Turkeys don’t vote for Christmas

According to a recent study by Spain’s El País newspaper, Colombia’s parliamentary salaries are 34 times the country’s minimum wage – the highest figure in the study that included European and Latin American countries. For reference, German parliamentarians earn just six times the minimum wage, according to El País. Changes could be on the horizon though, Colombia’s senate approved the second debate on an initiative to reduce parliamentary salaries but with six more sessions remaining, will Turkeys vote for Christmas? 

A former director of Colombia’s congress explained the wide-reaching implications of such a move, “The problem is that it is not only the salary of congressmen that is high, there are other state officials, such as the magistrates, who have the same salary. There is a law that prevents public officials being paid more than congressmen, so by lowering the salaries of senators and congressmen, it would also lower the salaries of magistrates and other senior civil servants. This is why a bill to lower salaries has passed twice but has been overturned by the Constitutional Court each time.” 

There is a law that prevents public officials being paid more than congressmen, so by lowering the salaries of senators and congressmen, it would also lower the salaries of magistrates and other senior civil servants.”

Former director, Colombia’s congress

The origin of these high salaries was the constitution of 1991. Previously, congressmen could claim representation expenses but the new constitution removed the ability for congressmen to claim these expenses in favour of a higher salary. As a result, congressmen have high location-based expenses including compensations for trips, paid vacations, and security measures.  
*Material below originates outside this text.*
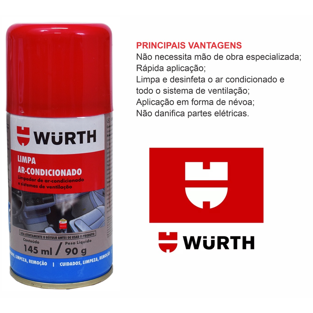 O limpa ar condicionados é um produto desenvolvido para a limpeza no sistema de ar condicionado de veículos em geral. Combate com eficiência odores desagradáveis, que proliferam no interior do ar condicionado, principalmente no evaporador, condensador, tubulações e nas partes internas, tais como: bancos, teto, cortina, piso, entre outros. Dispõe de uma válvula especial que trava após o acionamento, e libera automaticamente o produto no interior do veículo, efetuando assim a limpeza do ar condicionado. Características: - Aplicação rápida e simples; - Aplicação em forma de névoa, possibilitada pela válvula especial; - Limpa o ar-condicionado e sistema de ventilação, deixando uma fragrância agradável no ambiente interno do veículo; - Não danifica partes elétricas como central eletrônica, chicotes, etc; - Não necessita de mão de obra especializada; - Rápida liberação do veículo; - Eficaz na eliminação de odores. Aplicações: - Produto para ser utilizado no interior de automóveis; - Após o uso, secar as partes umedecidas como carpete, partes internas (painel), bancos e etc. Para uma perfeita limpeza e total garantia do produto, antes da aplicação é necessária a substituição do filtro da cabine (não incluso). Principais Vantagens: - Não necessita mão de obra especializada para aplicação; - Rápida aplicação; - Limpa o ar condicionado e sistema de ventilação; - Aplicação em forma de névoa; - Não danifica partes elétricas. Higienizador de ar condicionado, realiza a limpeza do veículo e componentes internos do ar condicionado, eliminando odores e bactérias e deixa um aroma agradável no ambiente Produto certificado ANVISA com ação contra bactérias, ácaros e fungos. APLICAÇÃO: Aplicação por spray de nebulização. Fácil de usar. Com válvula do tipo granada. Passo a passo: 1- Ligue o carro 2 - Ligue o ar condicionado em modo de recirculação interna e ventilação voltado para para-brisas 3 - Posicione o tubo no assoalho do passageiro sob o porta luvas 4- Acione o gatilho do produto até travar, saia e feche o carro e aguarde 15 minutos 5- Desligue o veículo e aguarde mais 10 minutos com o carro fechado 6 - Abra as portas e janelas para sair o excesso do aroma e está pronto! Nuvem de Tags: Limpa Ar, Limpador de Ar Condicionado, Limpador de Sistema de Ventilação, Limpeza de Ar Automotivo, Carro Novo, Wurth

Unsurprisingly, people are outraged by the disparity between their salary and that of a congressman and the issue has become central to political campaigning. It was revived during the presidential debates last August, which led the green party ‘Alianza Verde’ senator Jota Pe Hernández, a former youtuber, to draft a legislative proposal to reduce the salaries of congressmen. Hernández insisted that his proposal was drafted to respect the labour rights of congressmen and the salary adjustment would be implemented by freezing wages for a four-year period and reforming article 15 of the current law which stipulates that no other public official can earn more than congressmen. In addition, the proposal aims to take away from the Congress the power to regulate the salaries of their members. 
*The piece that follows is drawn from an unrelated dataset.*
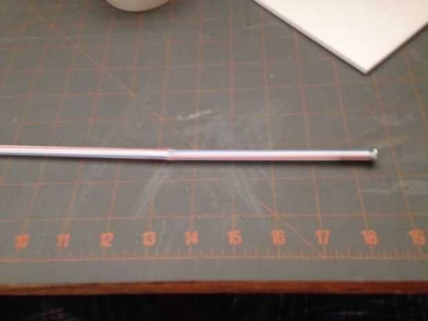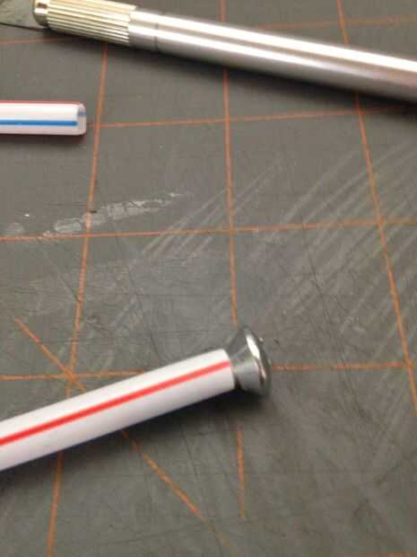 2 Haz de paja, los corte a la longitud. Obtener un tornillo para el peso. Esta es la parte delantera en pegamento. A continuación abollar el otro lado en la otra paja. Pulse y pegamento. Fuselaje se hace.

This isn’t the only proposal to have been tabled on the issue. In the past, the Congress has blocked 20 similar proposals. Despite the debate, the former president, Iván Duque, passed a decree on 24 December 2021, to increase the salary of congressmen by 5.12% after being pressured by the union of workers of the legislative power.
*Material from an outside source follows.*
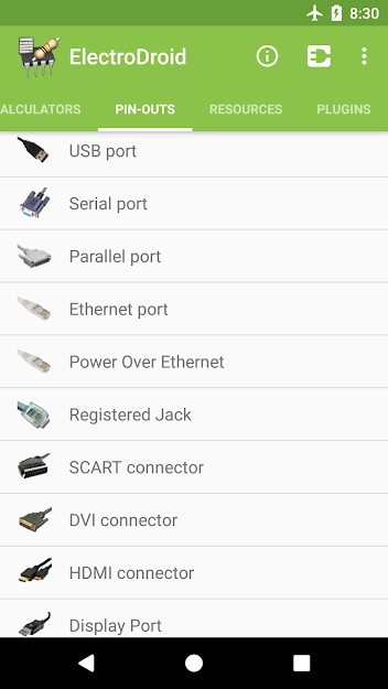 • Port pin-out (USB, Serial, Parallel, Ethernet, RJ, SCART, DVI, HDMI, S-Video, VGA, VESA, Display Port, FireWire, Jack, RCA, Audio DIN connector, XLR/DMX, ATX Power, PC peripheral connectors, EIDE/ATA, SATA, PS/2-AT, MIDI/Game port, Apple 30-pin, Apple Lightning connector, PDMI, OBD-II, 25-pair phone cable color code, Color Code for Fiber Optic Cables, MIDI connector, SD card, Raspberry Pi, LCD, GPIB/IEEE-488, ISO connector for car audio, Trailer connector, Thermocouples colors, Arduino pin-outs, JTAG pinouts, BeagleBone boards);

The Colombian electoral system poses quite a challenge, to become a congressman you need to invest a lot of money.”

Former director, Colombia’s congress

There are some arguments sympathetic to the congressmen’s cause, explained a former member of Congress, “The Colombian electoral system poses quite a challenge, to become a congressman you need to invest a lot of money. If you can’t recover this investment through salary then only the rich will become congressmen. Social media has relieved some of this cost pressure but it is still an issue.” 

It remains to be seen if Colombia’s situation could prompt similar debates elsewhere in Latin American. For example, Chile, which is going through a major political reform, is not far behind with its congressmen being paid 33 times the minimum wage.